BEGIN

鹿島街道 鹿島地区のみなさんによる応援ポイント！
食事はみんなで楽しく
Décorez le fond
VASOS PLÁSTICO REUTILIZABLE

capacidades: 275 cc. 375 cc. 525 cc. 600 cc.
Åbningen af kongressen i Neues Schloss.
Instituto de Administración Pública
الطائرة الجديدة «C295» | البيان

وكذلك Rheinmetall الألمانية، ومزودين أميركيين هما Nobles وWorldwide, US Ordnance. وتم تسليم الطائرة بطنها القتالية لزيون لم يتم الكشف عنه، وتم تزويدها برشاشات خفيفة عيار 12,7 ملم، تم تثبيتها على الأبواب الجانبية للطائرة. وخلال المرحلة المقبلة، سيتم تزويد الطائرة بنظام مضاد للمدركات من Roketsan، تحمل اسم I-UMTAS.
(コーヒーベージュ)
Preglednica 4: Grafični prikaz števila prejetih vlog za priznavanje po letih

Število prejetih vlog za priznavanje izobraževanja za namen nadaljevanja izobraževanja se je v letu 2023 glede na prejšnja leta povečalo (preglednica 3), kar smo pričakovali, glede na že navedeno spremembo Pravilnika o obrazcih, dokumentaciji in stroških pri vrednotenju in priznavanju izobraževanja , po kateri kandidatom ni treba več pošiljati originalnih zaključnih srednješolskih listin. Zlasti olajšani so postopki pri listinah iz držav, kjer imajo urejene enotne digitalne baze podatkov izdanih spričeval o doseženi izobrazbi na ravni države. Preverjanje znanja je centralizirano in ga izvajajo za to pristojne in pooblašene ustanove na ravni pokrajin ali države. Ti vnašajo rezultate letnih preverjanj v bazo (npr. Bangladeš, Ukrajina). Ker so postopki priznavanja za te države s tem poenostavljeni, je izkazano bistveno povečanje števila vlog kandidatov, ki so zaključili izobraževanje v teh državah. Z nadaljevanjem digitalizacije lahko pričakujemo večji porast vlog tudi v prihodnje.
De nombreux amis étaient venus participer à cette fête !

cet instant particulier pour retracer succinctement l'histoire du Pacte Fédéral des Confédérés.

END
BEGIN

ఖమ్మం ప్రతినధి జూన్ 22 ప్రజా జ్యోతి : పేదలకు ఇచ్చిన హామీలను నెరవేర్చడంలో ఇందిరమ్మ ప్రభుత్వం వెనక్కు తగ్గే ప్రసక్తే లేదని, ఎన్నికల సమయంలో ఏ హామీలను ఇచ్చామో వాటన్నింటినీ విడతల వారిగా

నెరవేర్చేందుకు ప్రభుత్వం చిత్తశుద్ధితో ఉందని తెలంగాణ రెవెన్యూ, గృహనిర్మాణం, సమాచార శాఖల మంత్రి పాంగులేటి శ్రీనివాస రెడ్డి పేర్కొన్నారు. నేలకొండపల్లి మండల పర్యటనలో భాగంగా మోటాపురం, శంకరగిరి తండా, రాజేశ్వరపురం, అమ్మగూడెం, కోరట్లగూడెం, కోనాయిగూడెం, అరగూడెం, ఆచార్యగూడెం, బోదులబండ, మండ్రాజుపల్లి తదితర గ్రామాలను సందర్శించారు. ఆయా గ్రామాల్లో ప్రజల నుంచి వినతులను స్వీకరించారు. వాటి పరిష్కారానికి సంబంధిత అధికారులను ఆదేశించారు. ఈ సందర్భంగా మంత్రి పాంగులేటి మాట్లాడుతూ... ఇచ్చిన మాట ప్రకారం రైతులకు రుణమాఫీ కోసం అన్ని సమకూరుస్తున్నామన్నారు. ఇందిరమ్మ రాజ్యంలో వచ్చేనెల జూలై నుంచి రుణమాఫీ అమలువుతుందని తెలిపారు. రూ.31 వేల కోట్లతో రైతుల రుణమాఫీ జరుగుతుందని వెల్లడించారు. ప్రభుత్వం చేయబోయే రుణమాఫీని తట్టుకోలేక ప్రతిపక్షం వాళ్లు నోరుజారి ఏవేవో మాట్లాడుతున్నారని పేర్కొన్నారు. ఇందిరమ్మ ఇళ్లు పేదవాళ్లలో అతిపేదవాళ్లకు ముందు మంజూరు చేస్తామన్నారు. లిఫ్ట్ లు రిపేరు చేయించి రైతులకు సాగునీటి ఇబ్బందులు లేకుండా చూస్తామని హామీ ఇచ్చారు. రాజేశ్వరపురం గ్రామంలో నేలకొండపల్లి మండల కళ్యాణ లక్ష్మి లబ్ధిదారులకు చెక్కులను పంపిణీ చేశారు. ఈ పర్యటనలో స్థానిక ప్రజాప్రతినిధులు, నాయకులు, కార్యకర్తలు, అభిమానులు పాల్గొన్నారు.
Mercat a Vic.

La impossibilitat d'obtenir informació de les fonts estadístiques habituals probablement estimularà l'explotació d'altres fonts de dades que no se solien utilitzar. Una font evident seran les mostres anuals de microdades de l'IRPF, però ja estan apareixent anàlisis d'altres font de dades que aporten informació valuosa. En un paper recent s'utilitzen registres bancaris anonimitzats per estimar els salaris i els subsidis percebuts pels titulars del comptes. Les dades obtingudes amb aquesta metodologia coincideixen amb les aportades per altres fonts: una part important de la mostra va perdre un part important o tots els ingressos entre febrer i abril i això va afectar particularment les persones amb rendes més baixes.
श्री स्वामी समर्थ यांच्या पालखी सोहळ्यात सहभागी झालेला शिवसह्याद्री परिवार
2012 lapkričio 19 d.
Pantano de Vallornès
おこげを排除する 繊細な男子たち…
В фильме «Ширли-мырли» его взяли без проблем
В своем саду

END

• _What is being asked_
Above are the lines; repeat exactly the ones from the line containing "鹿島街道 鹿島地区のみなさんによる応援ポイント！" down to the line containing "cet instant particulier", both inclusive.

• _Answer box_
鹿島街道 鹿島地区のみなさんによる応援ポイント！
食事はみんなで楽しく
Décorez le fond
VASOS PLÁSTICO REUTILIZABLE

capacidades: 275 cc. 375 cc. 525 cc. 600 cc.
Åbningen af kongressen i Neues Schloss.
Instituto de Administración Pública
الطائرة الجديدة «C295» | البيان

وكذلك Rheinmetall الألمانية، ومزودين أميركيين هما Nobles وWorldwide, US Ordnance. وتم تسليم الطائرة بطنها القتالية لزيون لم يتم الكشف عنه، وتم تزويدها برشاشات خفيفة عيار 12,7 ملم، تم تثبيتها على الأبواب الجانبية للطائرة. وخلال المرحلة المقبلة، سيتم تزويد الطائرة بنظام مضاد للمدركات من Roketsan، تحمل اسم I-UMTAS.
(コーヒーベージュ)
Preglednica 4: Grafični prikaz števila prejetih vlog za priznavanje po letih

Število prejetih vlog za priznavanje izobraževanja za namen nadaljevanja izobraževanja se je v letu 2023 glede na prejšnja leta povečalo (preglednica 3), kar smo pričakovali, glede na že navedeno spremembo Pravilnika o obrazcih, dokumentaciji in stroških pri vrednotenju in priznavanju izobraževanja , po kateri kandidatom ni treba več pošiljati originalnih zaključnih srednješolskih listin. Zlasti olajšani so postopki pri listinah iz držav, kjer imajo urejene enotne digitalne baze podatkov izdanih spričeval o doseženi izobrazbi na ravni države. Preverjanje znanja je centralizirano in ga izvajajo za to pristojne in pooblašene ustanove na ravni pokrajin ali države. Ti vnašajo rezultate letnih preverjanj v bazo (npr. Bangladeš, Ukrajina). Ker so postopki priznavanja za te države s tem poenostavljeni, je izkazano bistveno povečanje števila vlog kandidatov, ki so zaključili izobraževanje v teh državah. Z nadaljevanjem digitalizacije lahko pričakujemo večji porast vlog tudi v prihodnje.
De nombreux amis étaient venus participer à cette fête !

cet instant particulier pour retracer succinctement l'histoire du Pacte Fédéral des Confédérés.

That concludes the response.